Search code examples
rh2omlr

Tuning hyperparameters in mlr does not produce sensible results?


I am trying to tune the hyperparameters in mlr using the tuneParams function. However, I can't make sense of the results it is giving me (or else Im using it incorrectly).

For example, if I create some data with a binary response and then create an mlr h2o classification model and then check the accuracy and AUC I will get some values. Then, if I use tuneParams on some parameters and find a better accuracy and AUC and then plug them into my model. The resulting accuracy and AUC (for the model) does not match that found by using tuneParams.

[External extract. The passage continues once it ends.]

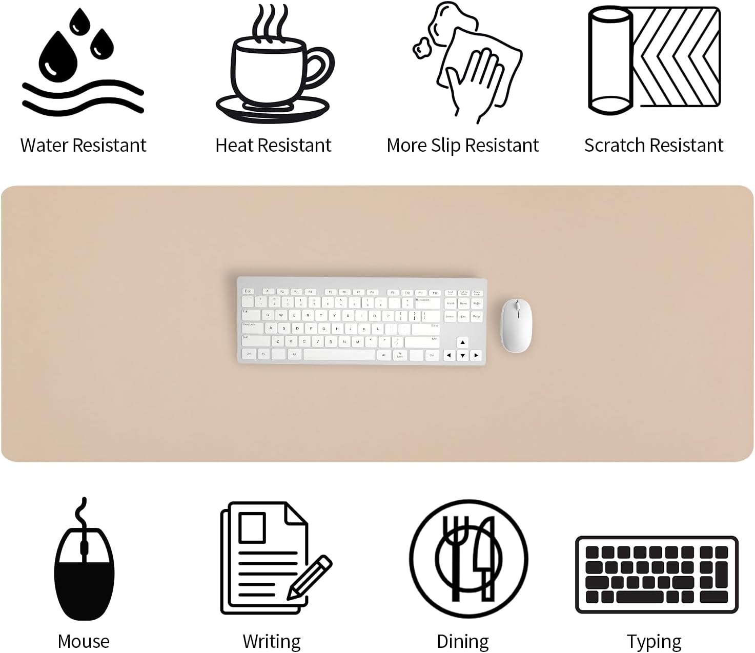 Bloss Extra Large Leather Desk Ma, 47.2" x 16.9" Non-Slip Dressing Table Cover Protector, Waterproof Student Study Desk Mat, Home Office Decor - Beige

Hopefully the code below will illustrate my issue:

library(mlr)

# Create data
set.seed(1234)
Species <- sample(c("yes", "no"), size = 150, replace = T)

dat <- data.frame(
  x1 = (Species == "yes") + rnorm(150),
  x2 = (Species == "no") + rnorm(150), Species
)

# split into training and test
train <- sample(nrow(dat), round(.7*nrow(dat))) # split 70-30
datTrain <- dat[train, ]
datTest <- dat[-train, ]

# create mlr h2o model
task <- makeClassifTask(data = dat, target = "Species")
learner <- makeLearner("classif.h2o.deeplearning", predict.type = "prob", 
                       par.vals = list(reproducible = TRUE,
                                       seed = 1))
Mod <- train(learner, task)

# Test predictions
pred <- predict(Mod, newdata = datTest)
# Evaluate performance accuracy & area under curve 
performance(pred, measures = list(acc, auc)) 

The result of the above performance check is:

acc       auc 
0.7111111 0.7813765 

Now, if I tune just one of the parameters (e.g., epochs):

set.seed(1234)
# Tune epoch parameter
param_set <- makeParamSet(
  makeNumericParam("epochs", lower = 1, upper = 10))
rdesc <- makeResampleDesc("CV", iters = 3L, predict = "both") 
ctrl <- makeTuneControlRandom(maxit = 3)

res <- tuneParams(
  learner = learner, task = task, resampling = rdesc, measures = list(auc, acc),
  par.set = param_set, control = ctrl
)

the result I get from tuning epochs is:

Tune result:
Op. pars: epochs=1.95
auc.test.mean=0.8526496,acc.test.mean=0.7466667

Now, if I plug that value for the epochs into the learner and run the model again and check the performance:

set.seed(1234)
# plugging the tuned value into model and checking performance again:
learner <- makeLearner("classif.h2o.deeplearning", predict.type = "prob", 
                       par.vals = list(epochs = 1.95,
                                       reproducible = TRUE,
                                       seed = 1))
Mod <- train(learner, task)

# Test predictions
pred1 <- predict(Mod, newdata = datTest)
# Evaluate performance accuracy & area under curve 
performance(pred1, measures = list(acc, auc))

The resulting accuracy and AUC I get is now:

   acc       auc 
0.6666667 0.8036437 

My question is, why is there such a difference between the accuracy and AUC of the results of using tuneParams and when I plug the tuned values into the learner? Or am I using or interpreting tuneParams incorrectly?


Solution

  • You're getting different results because you're evaluating the learner using different train and test data. If I use the same 3-fold CV, I get the same results:

    set.seed(1234)
    resample(learner, task, cv3, list(auc, acc))
    
    Aggr perf: auc.test.mean=0.8526496,acc.test.mean=0.7466667
    

    In general, every computed performance is only an estimate of the true generalization performance. This will vary depending on what method of resampling you choose and what data.